August in National Psoriasis Awareness Month

According to the National Psoriasis Foundation, psoriasis affects 7.5 million people. It’s easy to think of psoriasis as just a “skin condition.” But psoriasis starts underneath the skin. It is a chronic disease of the immune system that can range from mild to severe. Psoriasis is a common skin condition that changes the life cycle of skin cells. Psoriasis causes cells to build up rapidly on the surface of the skin. The extra skin cells form thick, silvery scales and itchy, dry, red patches that are sometimes very painful.

Like most chronic illnesses, psoriasis may be associated with other health conditions such as psoriatic arthritis, Type 2 diabetes, and cardiovascular disease.

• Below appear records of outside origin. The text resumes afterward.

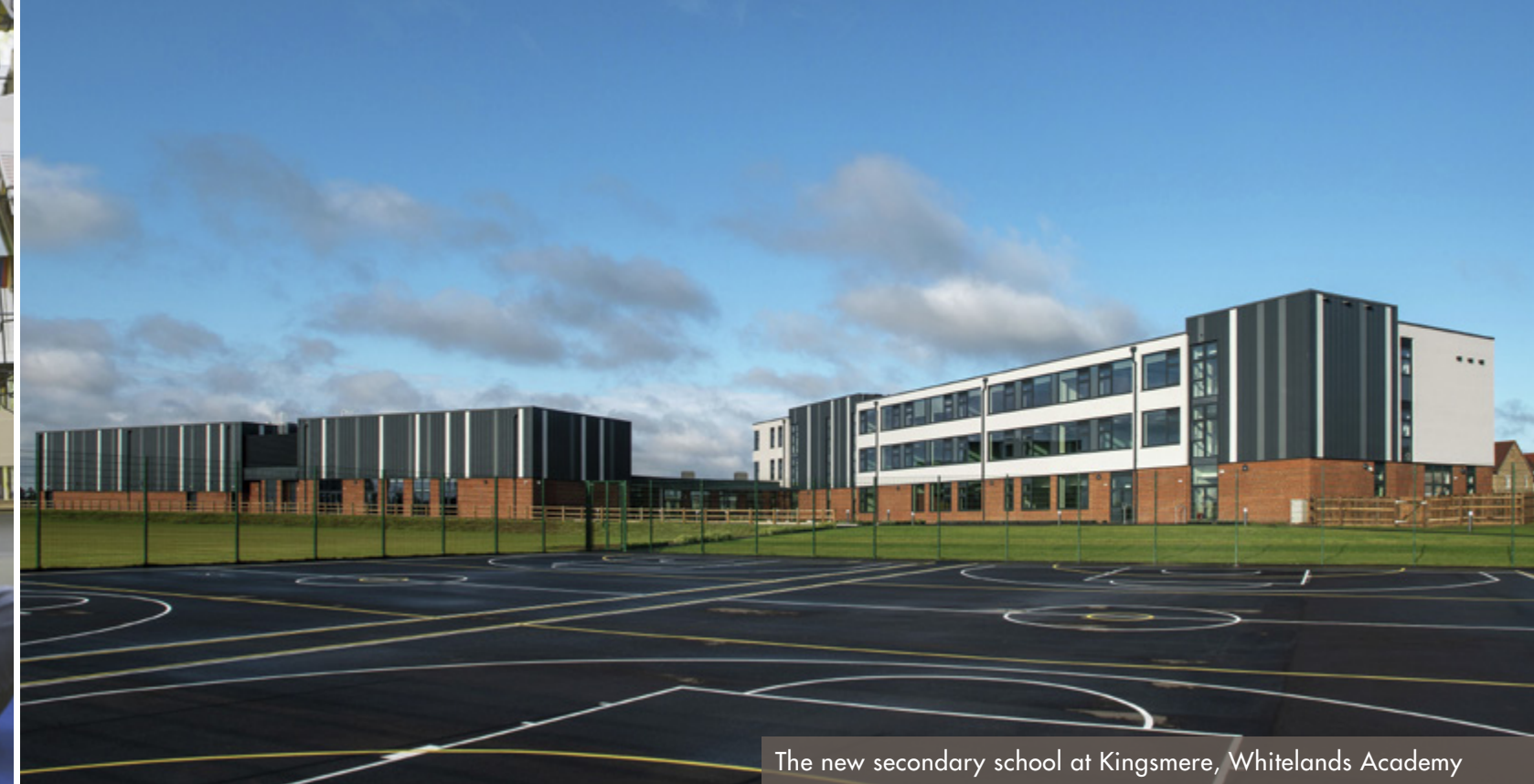
The new secondary school at Kingsmere, Whitelands Academy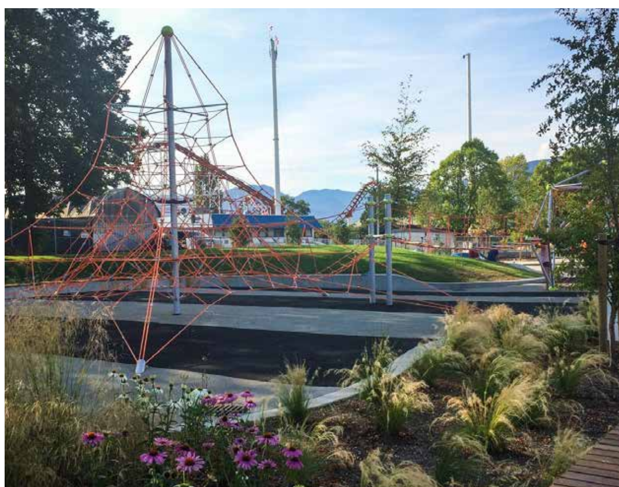
5a Traditional Play - Rope Climber Manufactured play equipment within a custom designed landscape. Costs: $$$ - $$$$$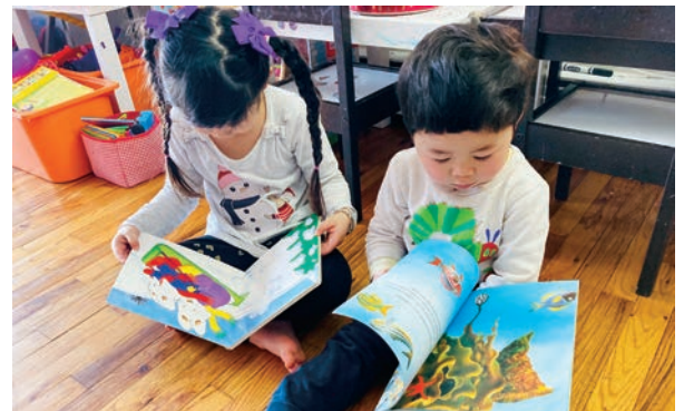
A Branford area family enjoys Read to Grow books they picked up at Read to Grow's curbside pick-up option.

nearly 3,100 books made their way across Connecticut through book requests in 2020. In 2021, 5,729 books went out. In addition, we also made our Branford warehouse a curbside pickup option for book requests. With the assistance of our dedicated volunteers, the Books for Kids coordinators sent envelopes and boxes of books to children in cities and towns all over the state. Families from down the road in Branford came often, but we also saw folks from as far as Norwalk making the trip to School Ground Road.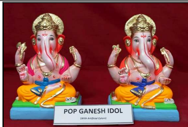
Fig.2 : Ganesh idol made up of Plaster of Paris

In all 7 Nos. of Containers are taken for study. One Plastic container filled with tap water is kept as a control. In other containers Lord Ganesh Idols (PoP, Shadu and Eco-friendly) are separately kept in duplicate. Fix volume of 65 liters tap water is added to each container to ensure complete immersion of idols. Water is collected at '0' hrs (Control), and after defined intervals from each container for water quality analysis. Also, physical observations are recorded for each container and are supported with Photographs and video till disintegration of "Shadu" & "Eco" idols.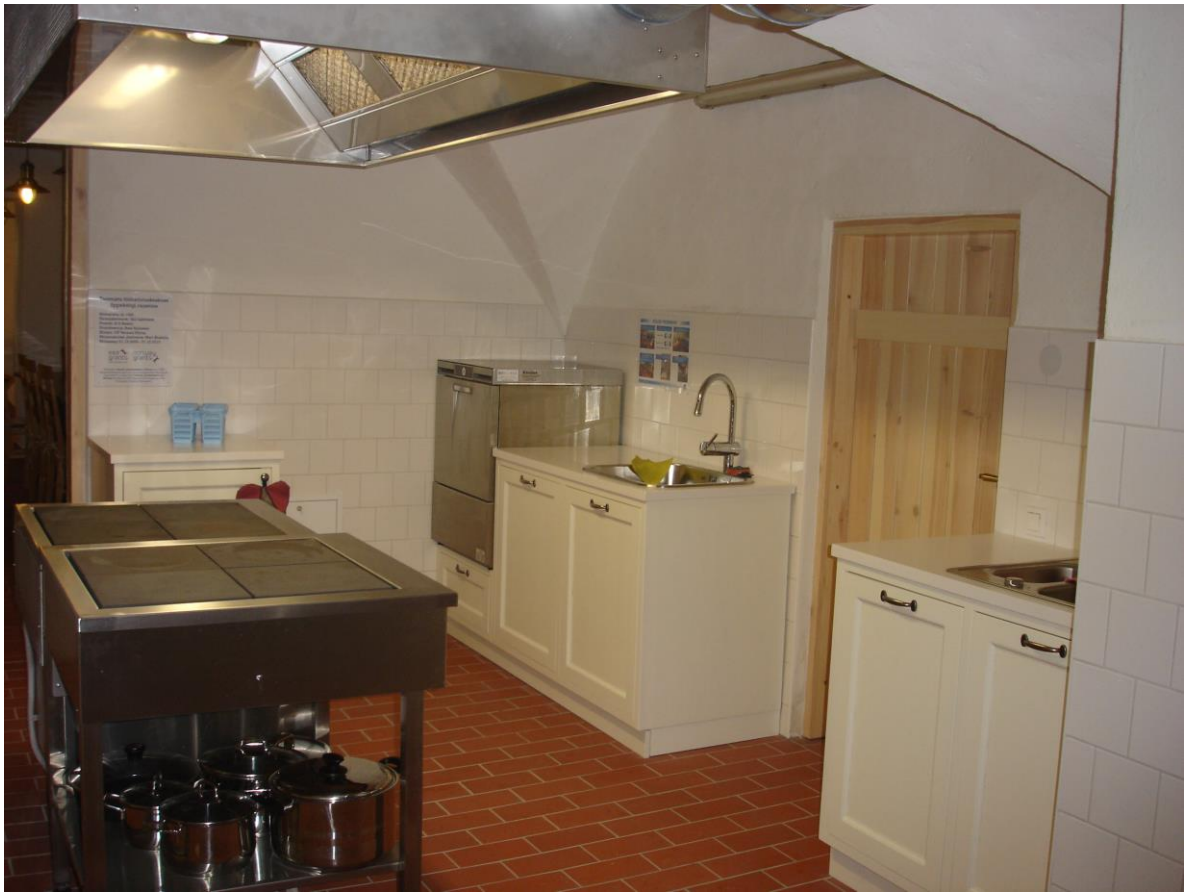
Tammistu manor kitchen was ready in 2010, financed by Norwegian EEA regional development grant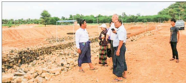
The team of Italy and Myanmar archeologists conduct research on water supply, drainage systems in Bagan.

"Additionally, we are maintaining the water supply and drainage networks that we discovered during our field research. The Department of Irrigation and Water Utilization Management, under the Ministry of Agriculture, Livestock and Irrigation, is also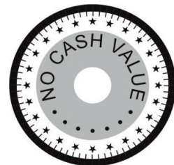
No cash value bi-metal 2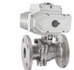
SCS13电动日标法兰球阀 SCS13 Electric JIS Flange Ball Valve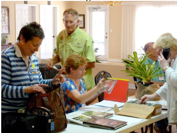
It's typically a busy head table before the meeting gets underway!

BSI recently announced the date and location for the next Bromeliad World Conference and so, we thought that it would be appropriate to show photos from the 2016 World Conference that was held in San Diego, California to give our members a taste of what world conferences are all about. The PowerPoint presentation showed what to expect from one of these events – the banquet, the seminars, the judges school, the judged bromeliad show, tours of nearby gardens, not to mention the people from all over the world and, of course – the bromeliads! As the name implies, BSI World Conferences have been held in many far-

Not everyone with psoriasis experiences the same symptoms, which can vary from person to person based on the understanding_psoriasis_basicsseverity and type of psoriasis. However, common symptoms may include:

  • Raised, red, inflamed lesions
  • Silvery scaly plaques
  • Small, red, individual spots (more common in children and young adults)
  • Dry skin that may crack and bleed
  • Itching, burning, or soreness of the skin
  • Pitted nails or separation from the nail bed

The most common areas for psoriasis to appear include the knees, elbows, and torso. However, psoriasis can appear anywhere on the body, including the face, hands, feet, nails, genitals, and skin folds. Because the skin in each of these body areas is different, they may require different treatments.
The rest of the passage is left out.